Experimental results of unconditional generation. We also elaborate detailed settings which are omitted in the paper because of the space limitation.
cp-linear
Edit the configration part at the begining of the main-cp.py
file first.
python main-cp.py
remi-xl
Edit the config.yml
file first.
# train
python train.py
# inference
python inference.py
Backbone model:
- linear transformer (Linear): "Transformers are RNNs: Fast Autoregressive Transformers with Linear Attention"

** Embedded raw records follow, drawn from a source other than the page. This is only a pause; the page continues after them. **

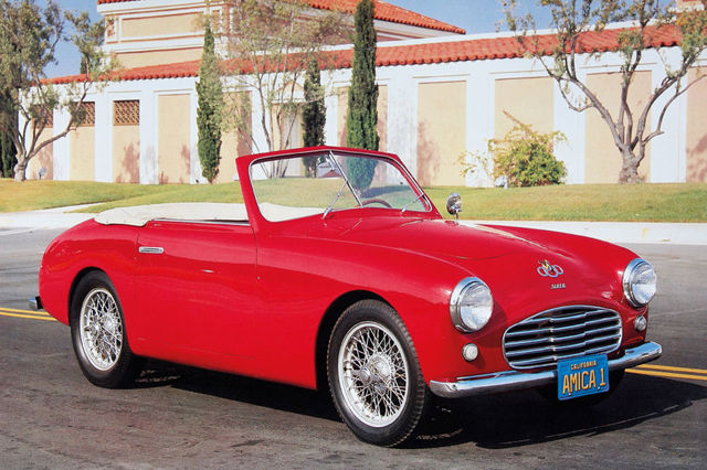 Launched in 1950, the Amica was a two-seater available as either a coupé or a roadster, and was the company’s first serious effort at a standalone car. Suspension was courtesy of Fiat but Siata developed the tubular chassis. At the front was independent suspension with a transverse leaf spring and lower wishbones, while at the back, there was a live axle suspended by quarter-elliptic springs. Power was also provided by Fiat, its 500 engine being available in various states of tune including a 26bhp 750cc version. However sales were sluggish, and when the company branched into the USA with a Crossley engined model, but few buyers were interested.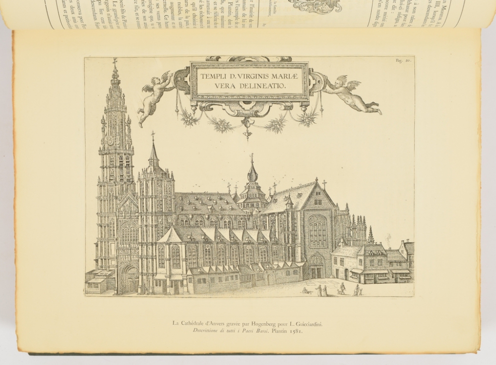 The engravings, woodcuts and illustrations are impressions from famous publications, such as Guicciardini's town boek, de la Serre's 'Entrée de la Reyne-Mère du Roy très Chrestien' from Les villes des Pays-Bas'. Title pages by Rubens, woodcuts in chiaroscuro by Goltzius from his Icones Imperatorum, Antwerp, 1645. At the front an inserted double page [1955] with dedication to Achiel van Acker, Prime Minister, in memory of his visit to Antwerp, on behalf of the College van Burgemeester en Schepenen van Antwerpen; with signatures of secretary K.C. Peeters and mayor L. Craeybecks.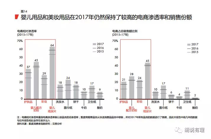 报告显示,2017年婴儿用品和美妆用仍然保持较高的电商渗透率和销售份额。如电商销售婴儿奶粉销售额占比达到28%;婴儿纸尿片占比更是高达45%。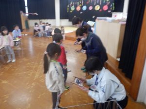 年長さん何してるのかな?と小さいお友だちも順番に見にきました。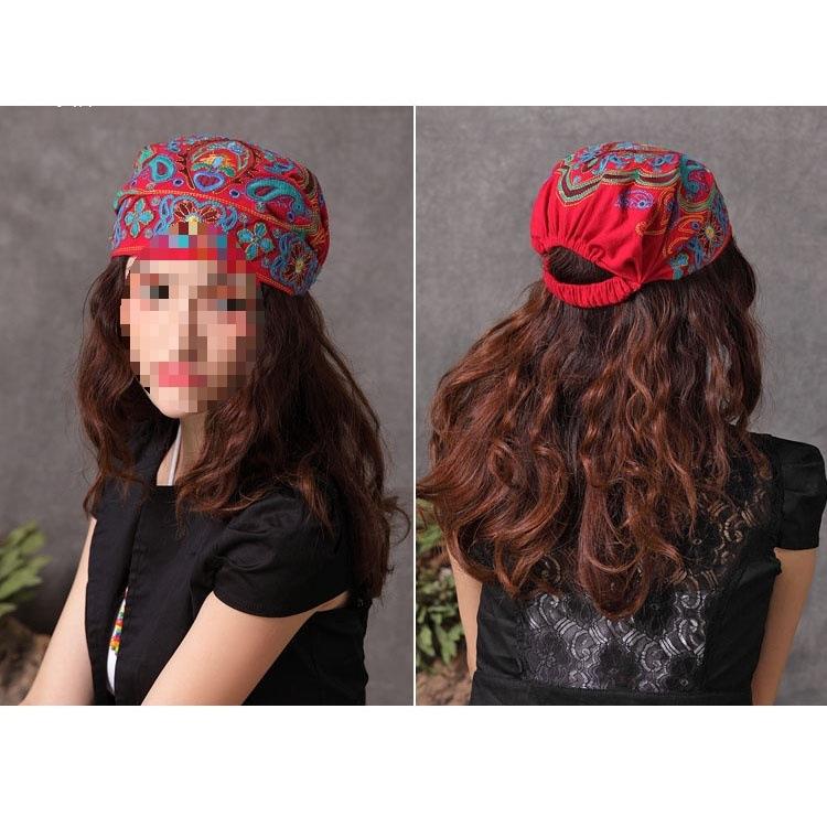 民族風髪飾り刺繍花綿布芸髪帽子付き母が白髪を隠しています。

- transformer-XL (XL): "Transformer-XL: Attentive Language Models Beyond a Fixed-Length Context"
All transformers share the same settings:
- number of layers: 12
- number of heads: 8
- model hidden size: 512
- feed-forward layer size: 2,048
Settings | REMI + XL | CP + Linear |
---|---|---|
learning rate | 2e-4 | 1e-4 |
songs for training | 1,612 | 1,675 |
sequence length | 7,680 (512 x 15) | 3,584 |
dicionary size | 332 | 342 |
parameter amount | 41,291,084 | 39,016,630 |
recepetive field (train) | 512 + 512 for memory | 3,584 |
Because the difference of nature between the two representations, it's hard to keep the training data for the 2 settings totally equal. We adjust the number of songs
and the sequence length
to achieve reasonable balance.
Under the limitation of hardware budget (single 2080ti GPU), we report the comparison between the 2 settings:
- REMI + XL: remi representation, transformer-XL
- CP + Linear: compound word (CP) representation, linear transformer
The hardware budget is a single GPU and we use Nvidia GeForce RTX 2080 GPU, which has 11 GB memory.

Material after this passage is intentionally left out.